I have the following use case. Multiple threads are creating data points which are collected in a ConcurrentBag. Every x ms a single consumer thread looks at the data points that came in since the last time and processes them (e.g. count them + calculate average).
The following code more or less represents the solution that I came up with:
private static ConcurrentBag<long> _bag = new ConcurrentBag<long>();
static void Main()
{
Task.Run(() => Consume());
var producerTasks = Enumerable.Range(0, 8).Select(i => Task.Run(() => Produce()));
Task.WaitAll(producerTasks.ToArray());
}
private static void Produce()
{
for (int i = 0; i < 100000000; i++)
{
_bag.Add(i);
}
}
private static void Consume()
{
while (true)
{
var oldBag = _bag;
_bag = new ConcurrentBag<long>();
var average = oldBag.DefaultIfEmpty().Average();
var count = oldBag.Count;
Console.WriteLine($"Avg = {average}, Count = {count}");
// Wait x ms
}
}
- Is a
ConcurrentBagthe right tool for the job here? - Is switching the bags the right way to achieve clearing the list for new data points and then processing the old ones?
- Is it safe to operate on
oldBagor could I run into trouble when I iterate overoldBagand a thread is still adding an item? - Should I use
Interlocked.Exchange()for switching the variables?
EDIT
I guess the above code was not really a good representation of what I'm trying to achieve.

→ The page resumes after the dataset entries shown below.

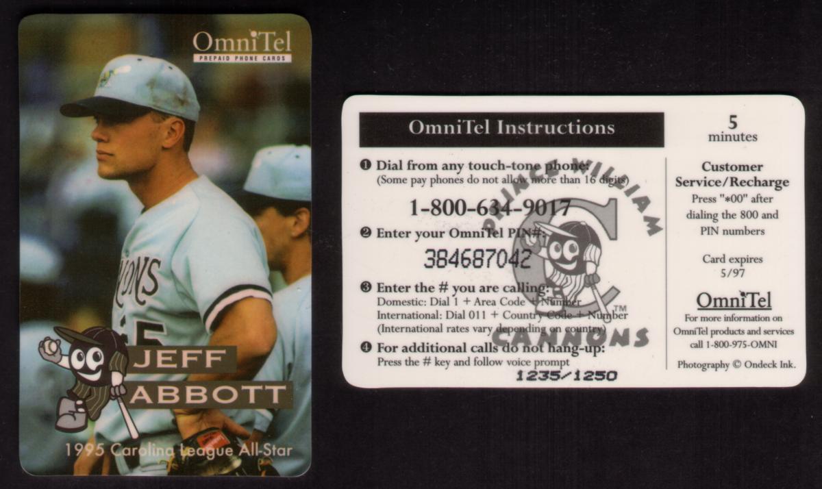 The overall design uses blue and white tones, complemented by the natural wood color of the baseball bats. The card’s presentation honors both the sport of baseball and the Carolina League’s all-star representation, centered specifically on Jeff Abbott and the Prince William Cannons team.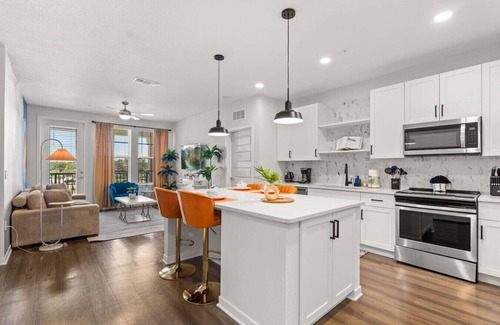 Nestled in the heart of charming Winter Garden, this beautifully designed 2-bedroom, 2-bath apartment offers the perfect blend of modern luxury and small-town charm — just 20 minutes from Walt Disney World and Orlando’s top attractions.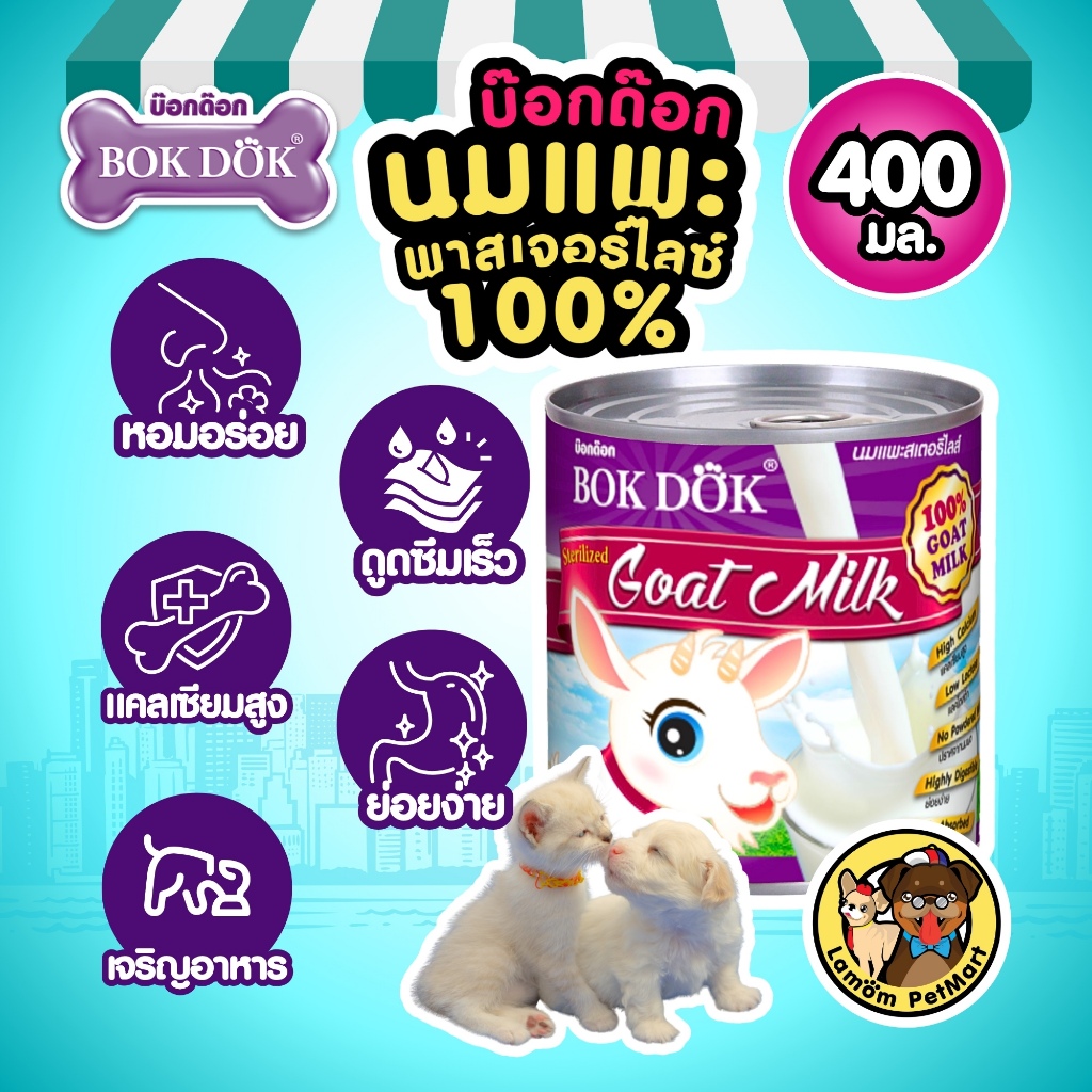 (ปลีก) นมแพะ 100% พาสเจอร์ไลซ์ BOKDOK แบบกระป๋อง อร่อย ย่อยง่าย ไม่มีนมผง สำหรับน้องหมาน้องแมว ML02

So here is some more code to show the problem:
public class LogCollectorTarget : TargetWithLayout, ILogCollector
{
private readonly List<string> _logMessageBuffer;
public LogCollectorTarget()
{
_logMessageBuffer = new List<string>();
}
protected override void Write(LogEventInfo logEvent)
{
var logMessage = Layout.Render(logEvent);
lock (_logMessageBuffer)
{
_logMessageBuffer.Add(logMessage);
}
}
public string GetBuffer()
{
lock (_logMessageBuffer)
{
var messages = string.Join(Environment.NewLine, _logMessageBuffer);
_logMessageBuffer.Clear();
return messages;
}
}
}
The class' purpose is to collect logs so they can be sent to a server in batches. Every x seconds GetBuffer is called. This should get the current log messages and clear the buffer for new messages. It works with locks but it as they are quite expensive I don't want to lock on every Logging-operation in my program. So that's why I wanted to use a ConcurrentBag as a buffer. But then I still need to switch or clear it when I call GetBuffer without loosing any log messages that happen during the switch.

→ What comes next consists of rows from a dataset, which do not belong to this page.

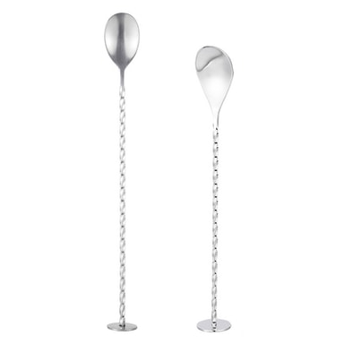 Optimale længder: Dette sæt indeholder to skeer med forskellige længder 20,5 cm & 25,5 cm, hvilket giver alsidighed til at røre cocktails i forskellige glasstørrelser og -typer.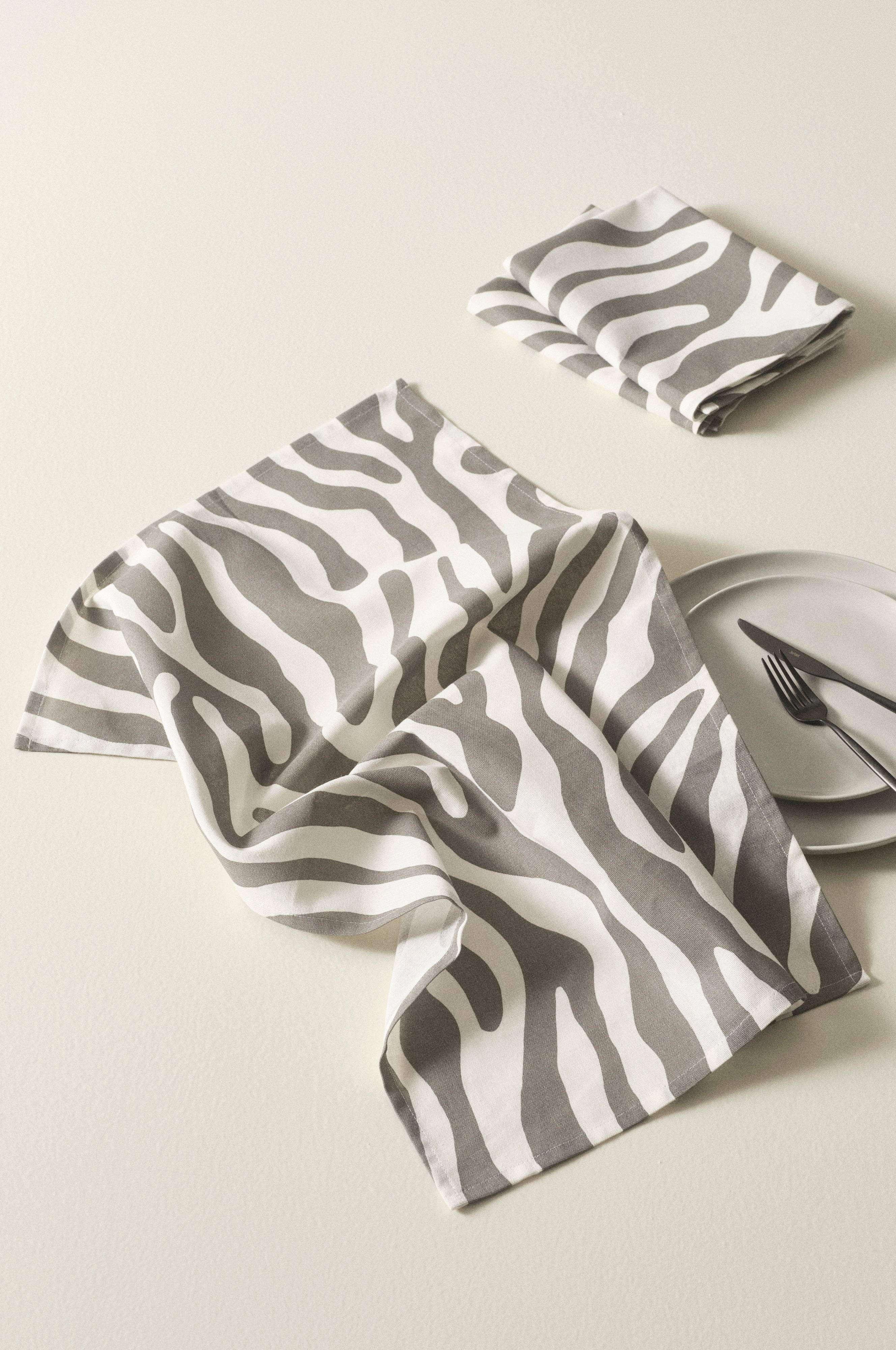 3 ręczniki kuchenne z pięknym, zwierzęcym wzorem zebry nadrukowanym na bawełnianej tkaninie. Wybierz wierną naturze wersję czarno-białą lub nieco dziką, w szalonych kolorach.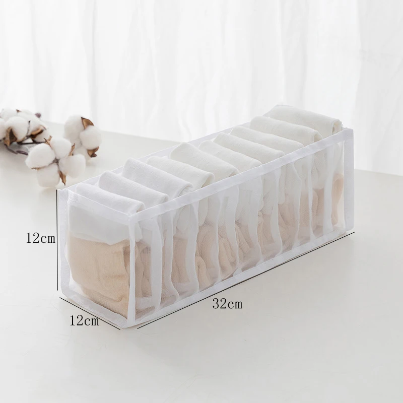 6. Knickers 7 siatek (długość 32x szerokość 12x wysokość 12cm): można przechowywać 7 sztuk bielizny dla dorosłych lub 14 sztuk bielizna dla dzieci.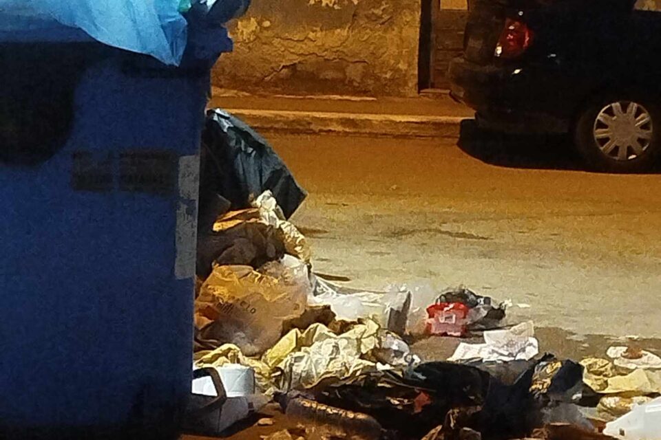 Κάδοι γεμάτοι σκουπίδια, καί σκουπίδια πεταμένα μέσα στη μέση του δρόμου.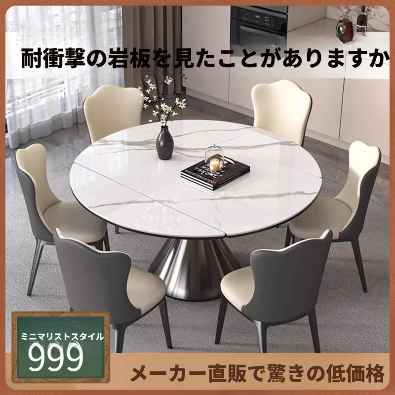多機能折りたたみ式ステンレス製岩板ダイニングテーブル&チェアセット - 丸型・角型兼用、コンパクトな家族向け、電磁調理器対応!おしゃれで便利な小型住宅向けの完璧な選択です。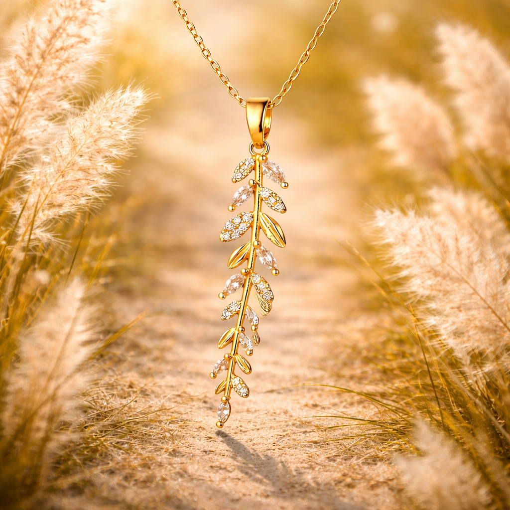 Et elegant halskjede som fanger naturens skjønnhet i et tidløst design. Det delikate bladmotivet, pyntet med glitrende cubic zirconia-steiner, gir et feminint og sofistikert uttrykk – perfekt både til hverdags og festlige anledninger.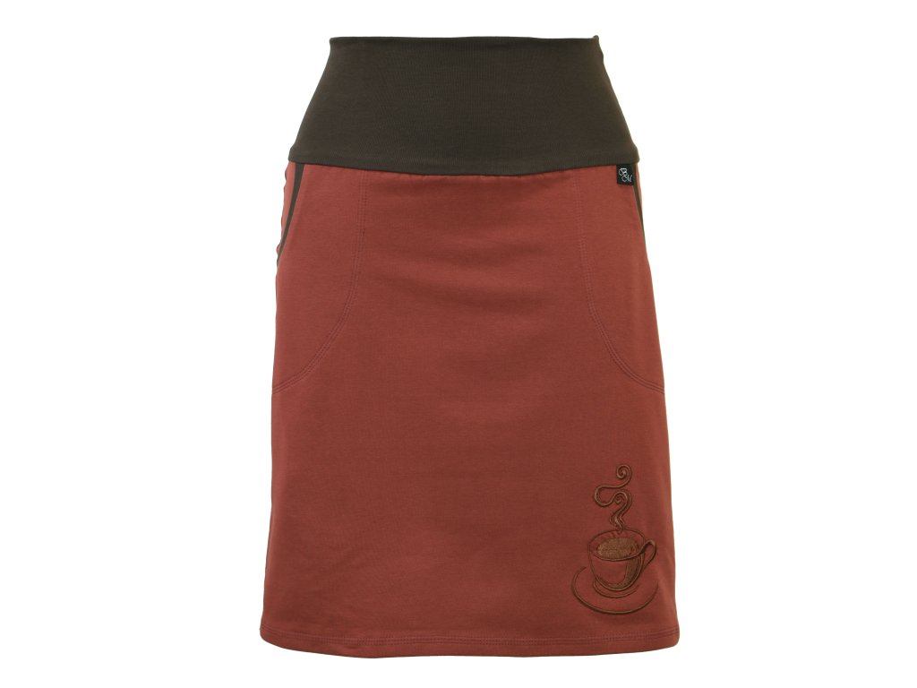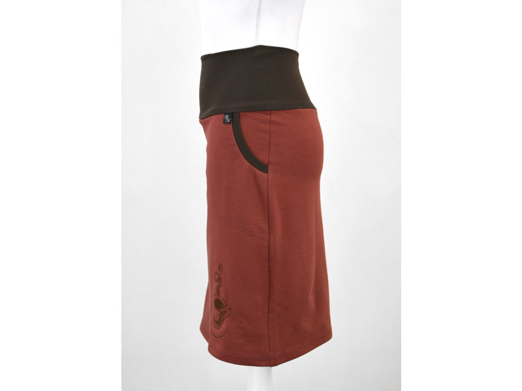 Dámská sukně pouzdrového střihu s dvojitým elastickým pasovým okrajem vhodným pro většinu velikostí. Sukně je na tělo a obepne hýždě a nohy. Kapsy v bocích jsou olemovány pružným nápletem. Nemá podšívku, dá se i tak nosit na punčochy i holé nohy.

Its the right tool for a job, this really depends on what you are trying to do, and why. The example you have given is very simplistic without any context so its hard to tell.
The answer is no, for probably many reasons. What happens if a thread writes to it, while you are switching it?

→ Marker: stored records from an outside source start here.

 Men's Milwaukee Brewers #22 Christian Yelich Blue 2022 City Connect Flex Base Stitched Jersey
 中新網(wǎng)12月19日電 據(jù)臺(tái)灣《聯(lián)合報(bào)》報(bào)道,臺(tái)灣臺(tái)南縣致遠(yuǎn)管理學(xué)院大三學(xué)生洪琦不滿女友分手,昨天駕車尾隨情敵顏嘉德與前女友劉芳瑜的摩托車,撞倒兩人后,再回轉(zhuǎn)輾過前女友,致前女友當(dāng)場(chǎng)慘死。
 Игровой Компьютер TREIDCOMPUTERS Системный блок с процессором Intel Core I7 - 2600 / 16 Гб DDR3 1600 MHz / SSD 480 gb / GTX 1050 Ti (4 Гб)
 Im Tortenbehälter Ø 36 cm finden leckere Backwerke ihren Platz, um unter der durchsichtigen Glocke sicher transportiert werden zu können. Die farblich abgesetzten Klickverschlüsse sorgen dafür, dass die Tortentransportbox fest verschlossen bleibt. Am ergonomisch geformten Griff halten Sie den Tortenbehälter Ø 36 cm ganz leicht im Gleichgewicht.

No, you have just copied the reference, this will achieve nothing.
Interlock methods are great things, however this will not help you in your current problem, they are for thread safe access to integer type values. You are really confused and you need to look up more thread safe examples.
However Lets point you in the right direction. forget about ConcurrentBag and those fancy classes. My advice is start simple and use locking so you understand the nature of the problem.
If you want multiple tasks/threads to access a list, you can easily use the
lockstatement and guard access to the list/array so other nasty threads aren't modifying it.Obviously the code you have written is a nonsensical example, i mean you are just adding consecutive numbers to a list, and getting another thread to average them them. This hardly needs to be consumer producer at all, and would make more sense to just be synchronous.
At this point i would point you to better architectures that would allow you to implement this pattern, e.g Tpl Dataflow, but i fear this is just a learning excise and unfortunately you really need to do more reading on multithreading and try more examples before we can truly help you with a problem.